If a reviewer with a local GPU wants a mid-tier check, they may invoke make test-integration directly; the tier is documented for completeness but not part of the reviewer-facing ladder.


ACM artifact-badging mapping

The tier ladder maps approximately onto ACM Artifact Review and Badging (v1.1) conventions:

  • T0 + T1 supply Artifacts Available + Functional + Reusable badge levels.
  • T3 supplies the Reproducible badge level (deepest).

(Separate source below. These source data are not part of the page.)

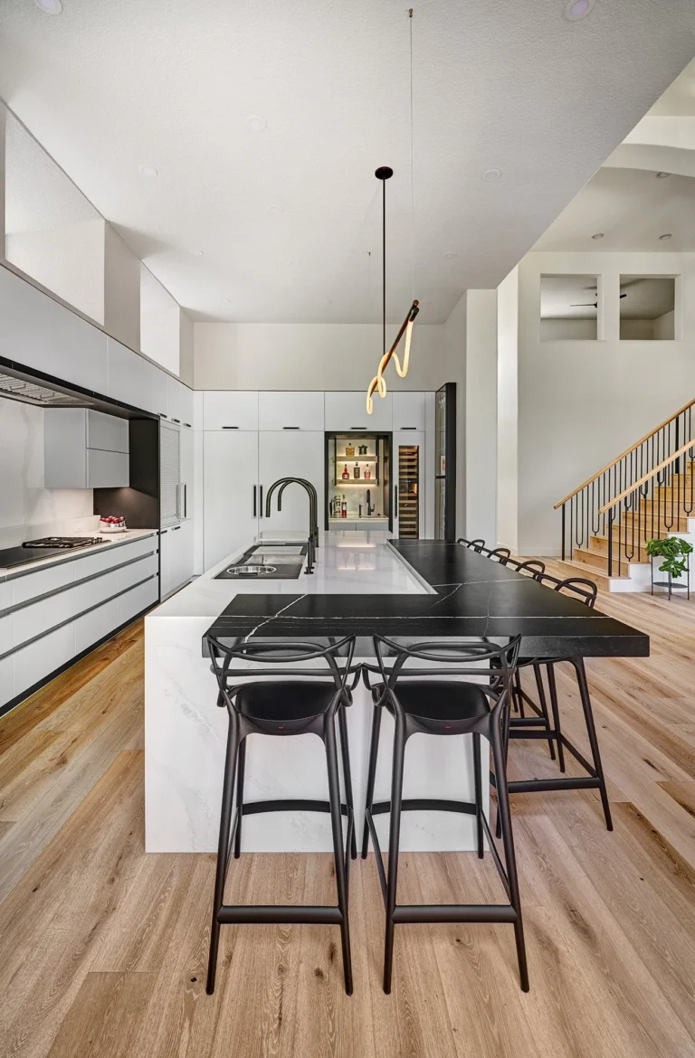 - Expansive U‑shaped island with contrasting white quartz waterfall and black stone prep surface, dual sinks, and seating for six
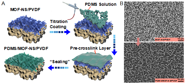 图4. PDMS改性MOF-NS/PVDF膜的制备工艺、结构及表面特性:(A)滴涂改性过程示意图;(B)滴涂改性前后膜表面微观形貌变化。
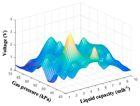 As can be seen from Table 2, for the 150 mg/L glucose solution (a set of glucose solution concentrations is used to find the best gas–liquid flow), the average peak value range of voltage signal obtained under different working conditions is between 0~4 V. The data in the Table are further graphically processed to obtain the average peak value change law curve of chemiluminescence voltage waveform signal, as shown in Figure 10.
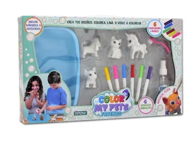 El Color My Pets Bath Time Set incluye 4 adorables dinosaurios que los niños pueden colorear una y otra vez. Luego, colocalos en la bañera con duchador, ¡lavalos y empezá de nuevo! Ideal para fomentar la creatividad y la diversión repetitiva.
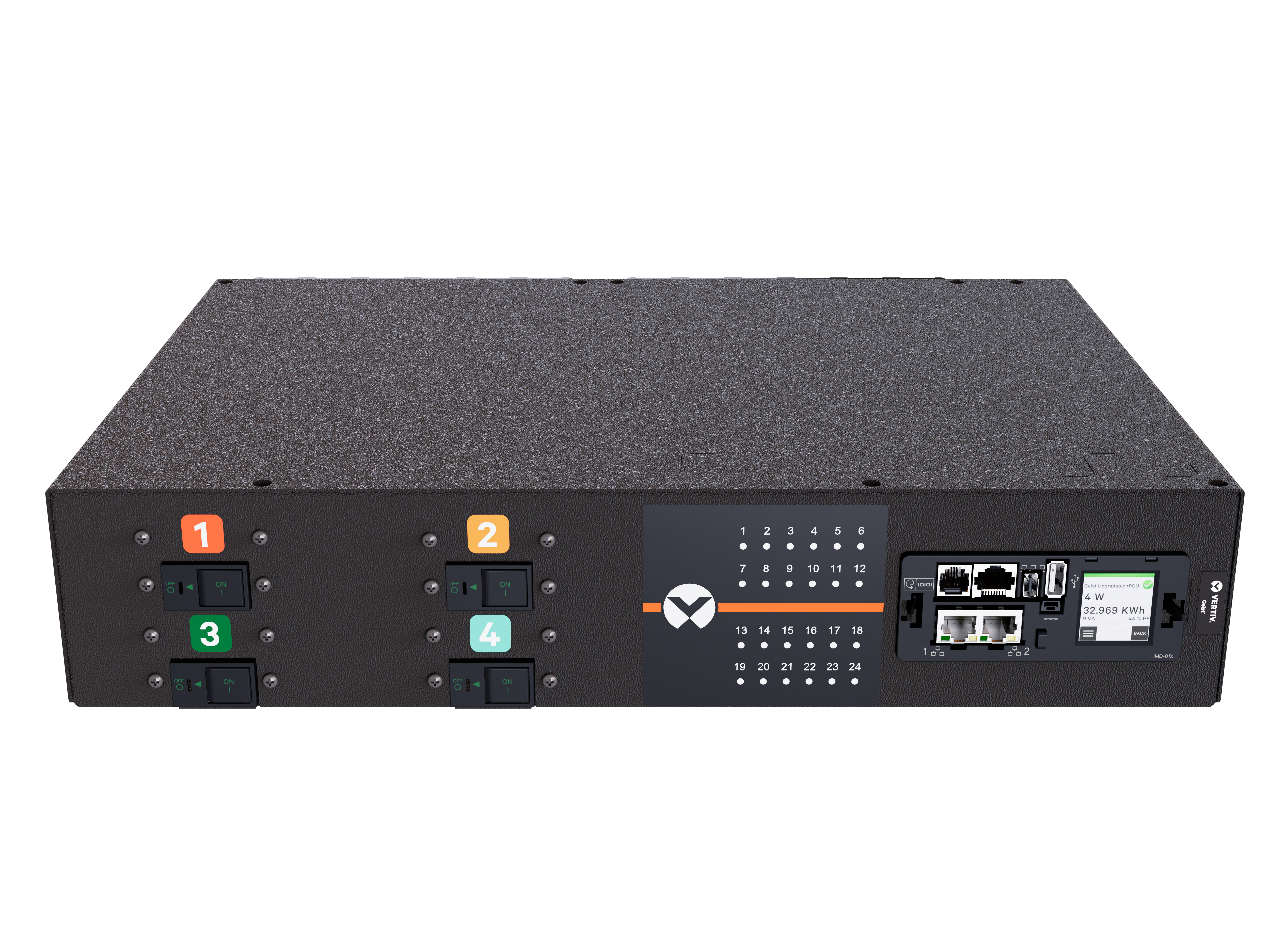 The Vertiv PowerIT Monitored Outlet Level rPDU VP6U62A0 is an upgradeable, 60/63A, 240V, 2U, horizontal rPDU with input and outlet level monitoring, 24 Combination C13/C19 outlets, and a 1P+N+E (IP44) plug providing 14.4kW power capacity. It has a hot-swappable Interchangeable Monitoring Device (IMD-5M), as well as dual gigabit ethernet ports to simplify multiple-PDU management.
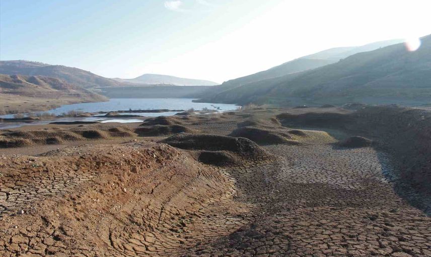 Baraj havzasında görülen çatlamış topraklar ve kuraklığın etkileri, dron görüntüleriyle belgeledi.
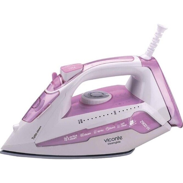 Утюг, мощность 2900W, керамическая подошва, вертикальная подача пара, паровой удар до 140 г/мин, сухое глажение, терморегулятор, функция самоочистки, возможность регулировки степени отпаривания, мощный разбрызгиватель, индикатор нагрева утюга, резервуар для воды – 400 мл, стаканчик для наполнения водой. Цвет: розовый.
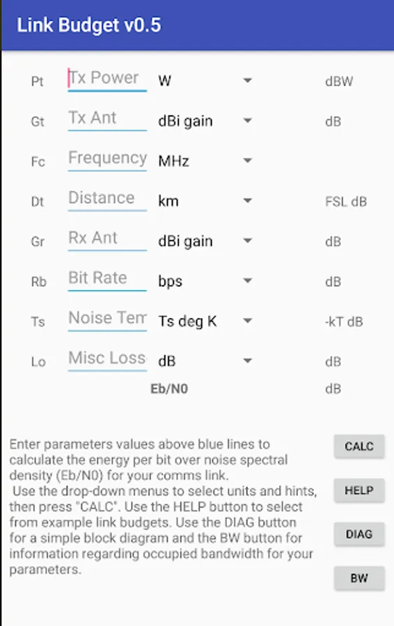 The user enters link parameters such as transmit power, antenna gains, link distance, bit rate etc. This allows the received signal quality to be evaluated. Many link parameters allow different input options. For example the antenna gain may be given in dBi, or the diameter of a dish antenna in meters. This app deals with digital communication links, rather than analog systems.
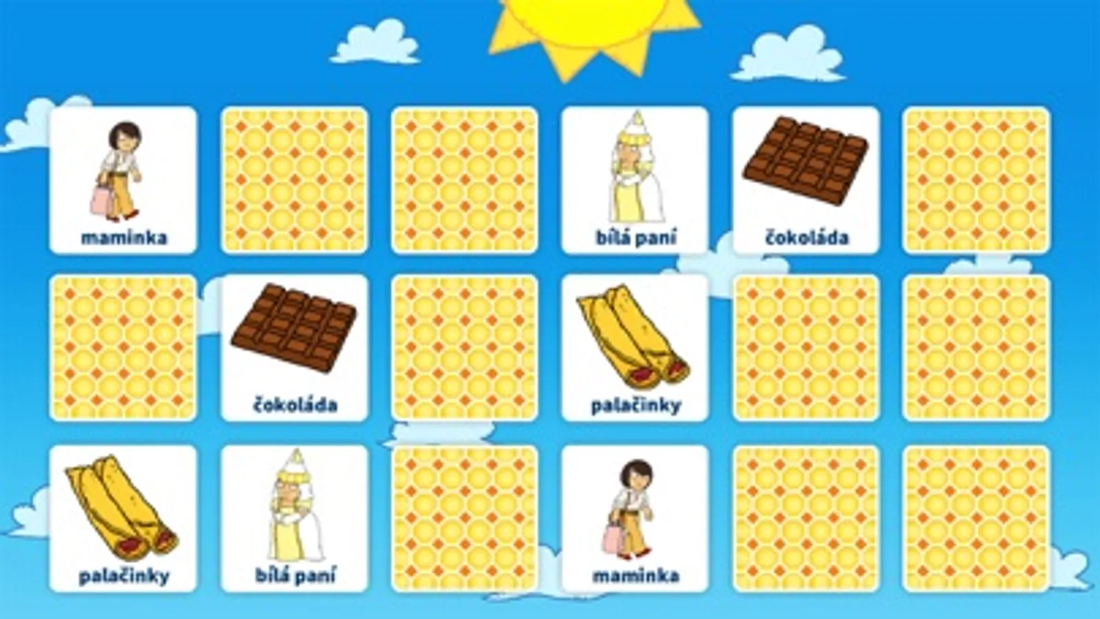 Karetní hra zaměřená na paměť a soustředění. Hra obsahuje 9 shodných párů obrázků, které je třeba najít.
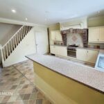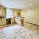 A range of wall and base units with complementary worksurface, four ring gas hob, electric oven, plumbed for dishwasher, one a half bowl sink unit with drainer, part tiled walls , storage cupboard, radiator, ceiling coving, ceiling spotlights, UPVC double glazed rear window and stairs leading into the first floor landing.
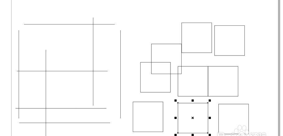 5、对右边的图纸执行Ctrl+ u,取消群组。发现图纸可以拆成一个一个的方格,而不是直线。说明它是由多个方格群组而成的,并没有结合。
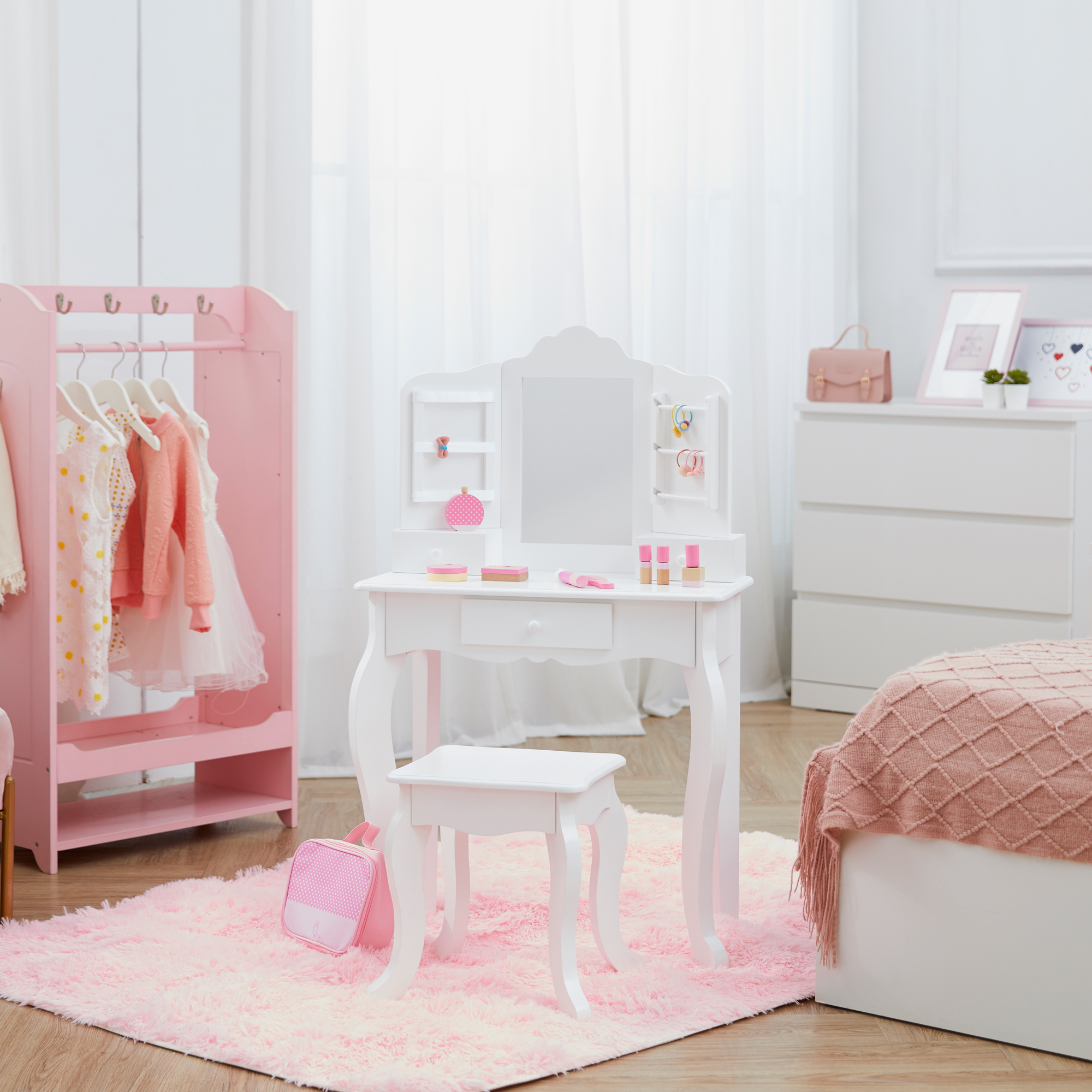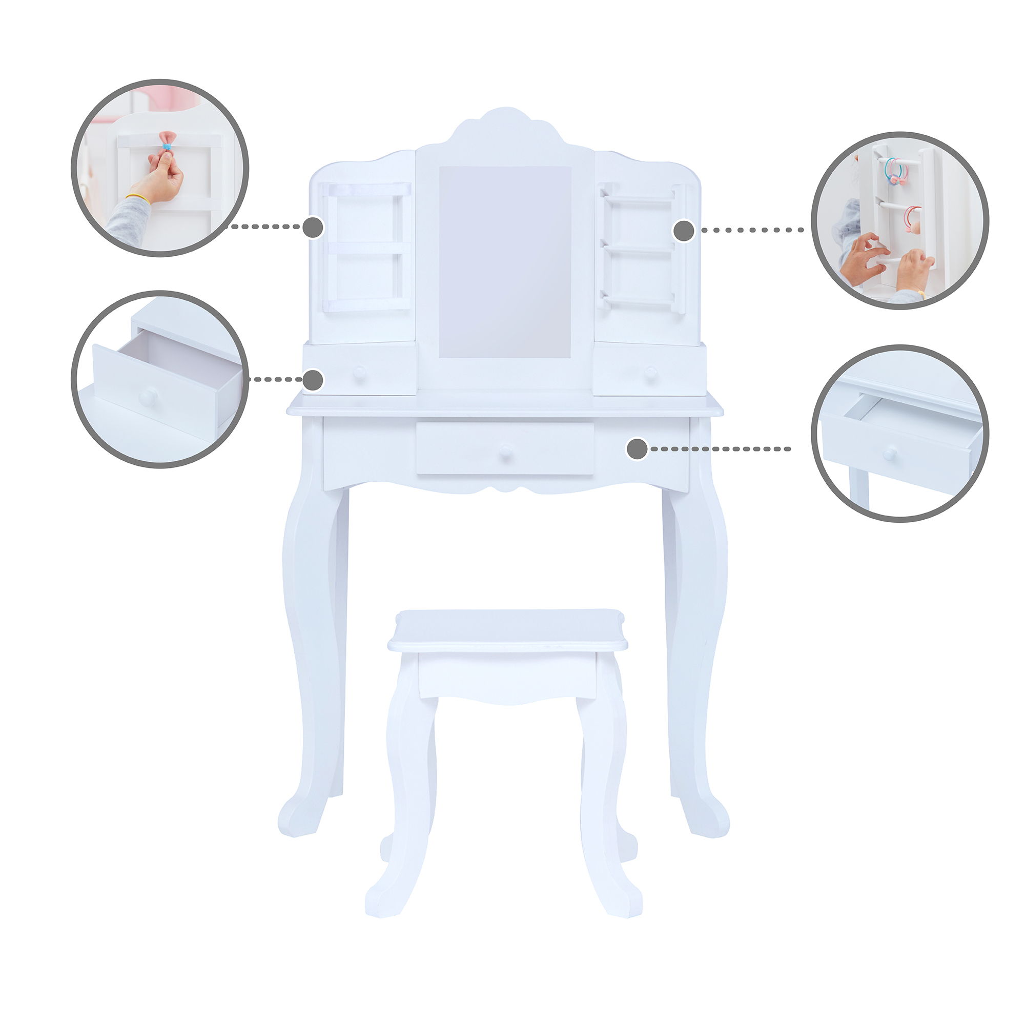 - DETAILS : Complètera à merveille une chambre d’enfant ou salle de jeux. Cette ravissante coiffeuse enfant Anna toute blanche comprend un design aux pieds galbées, un miroir incassable et un tabouret blanc assorti.
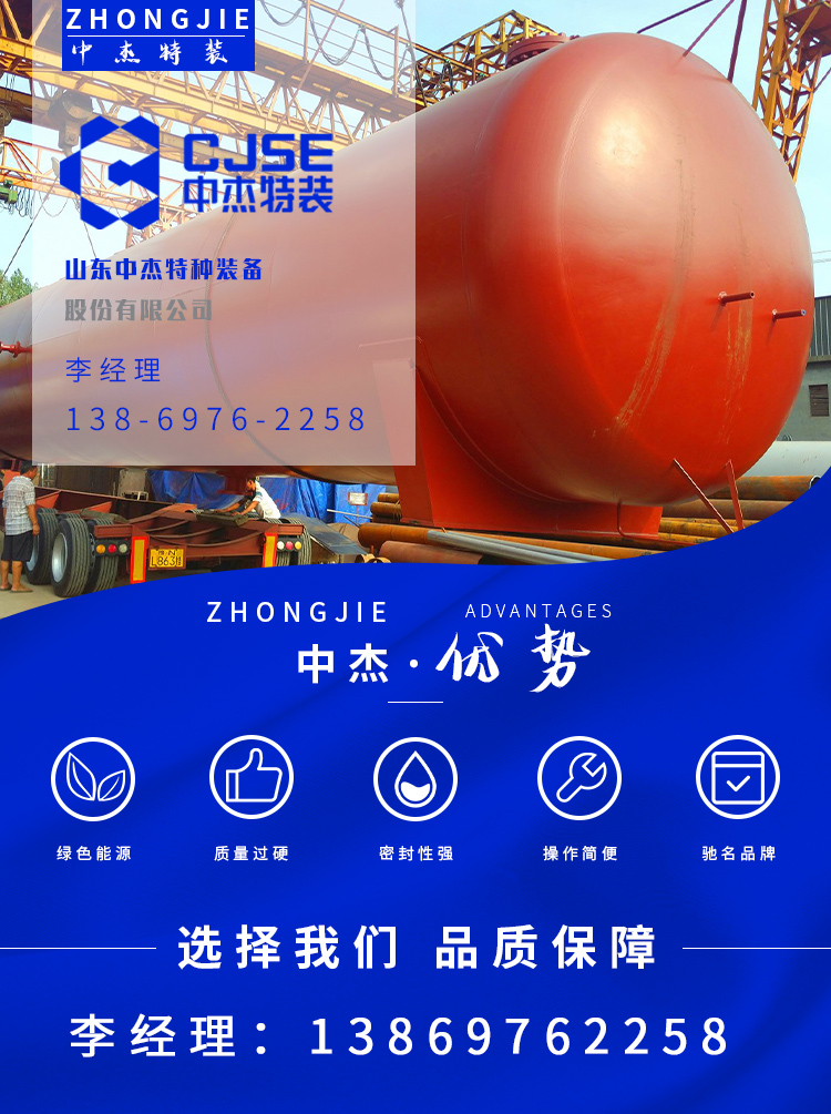 液化石油气储罐用于存储液化石油气(丙烷)为主要成分介质的压力容器,其储存介质50℃时饱和蒸气压小于或者等于1.63MPa,H2S溶解度小于7.7mg/L。分为地上储罐和地埋储罐两种形式。
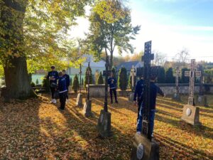 Licealiści realizowali projekt związany z 104.rocznicą odzyskania niepodległości. Podobnie jak ósmoklasiści, którzy na cmentarzu byli parę dni wcześniej, uczniowie 1a z oddaniem przystąpili do pracy: wyczyścili groby, wygrabili liście, zapalili świece i znicze.
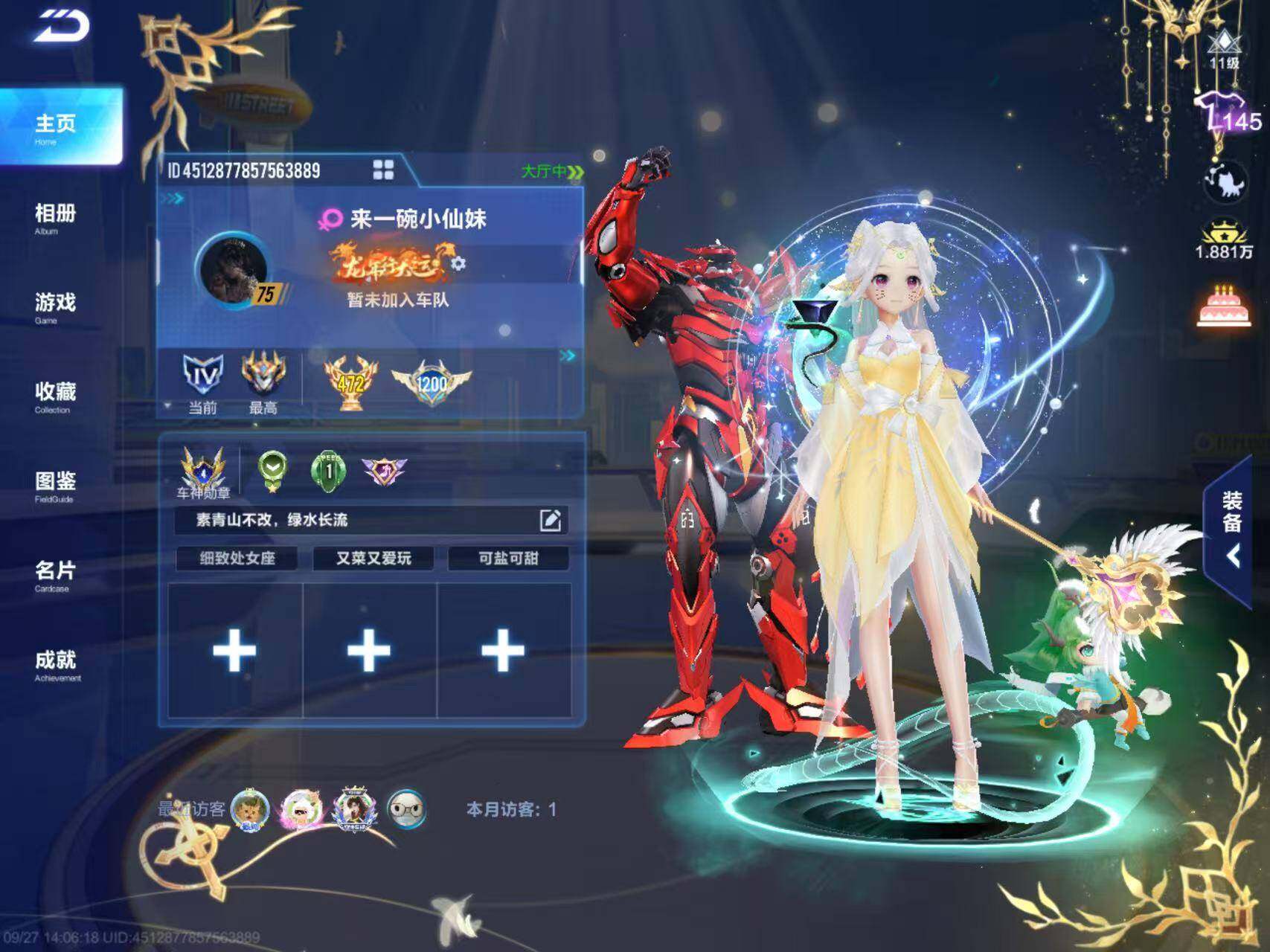 BZ641717 【V11/女图鉴1.2w/3T神威泰坦福睦舰长/源极鸭宝/5联赛幻星霆光弦音/7魔法】 A车数量102 游戏等级91 车皮肤数量40 T车数量3 【否】 【可二次实名】 【永久包赔】 【安卓QQ】 稀有车型1 稀有永久A车2 T车皮肤1 永久T车3 宠物6 稀有车型:双生战神; 稀有永久A车:海神,L-清; T车皮肤:神威泰坦福睦舰长; 永久T车:源极之星EXA,鸭宝超人,神威泰坦RE; 宠物:雪域狮王,蔷薇公主,机甲金刚,源梦之星,魔王天狮,铠甲战士;QQ飞车手游 - 安卓QQ -
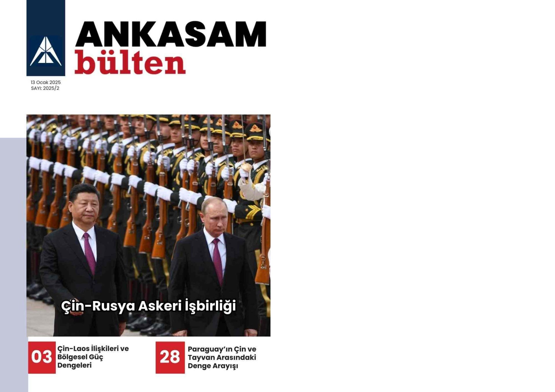 06 Ocak – 12 Ocak 2025 tarihleri arasında ANKASAM tarafından gerçekleştirilen faaliyetlerin sizlere toplu şekilde sunulduğu Haftalık Bülten yayımlanmıştır. ANKASAM Haftalık Bülten’de; haftanın bütün analizleri, ANKASAM Bakış değerlendirmeleri ile ANKASAM danışman ve uzmanlarının medya faaliyetleri yer almaktadır.

Result: the tier ladder is recognizable to reviewers familiar with ACM artifact policies.


Limitations + extension conditions

  • T0 reproduces headline scores only on the published rungs (per ADR-032 Option C). Ablation-rung reproduction requires T3.
  • T0 verifies score-match against the published checkpoint, not data-pipeline correctness — a reviewer who wants to verify the data preparation pipeline produces the same training tensors needs T3.
  • T3 is the only paid tier; reviewer self-funds the RunPod cost.
  • HF Hub checkpoint SHA pinning: if model card edits invalidate cached SHAs at Phase 5, pin SHAs in make eval-from-hub via huggingface_hub.snapshot_download(revision=<SHA>). The HF dataset SHA-pinning discipline from ADR-016 carries over to model SHA-pinning.

Cross-references

Linked ADRs: ADR-027 (Makefile execution-context stratification), ADR-020 (cost cap), ADR-032 (HF Hub publication), ADR-034 (this spoke’s source-of-truth ADR).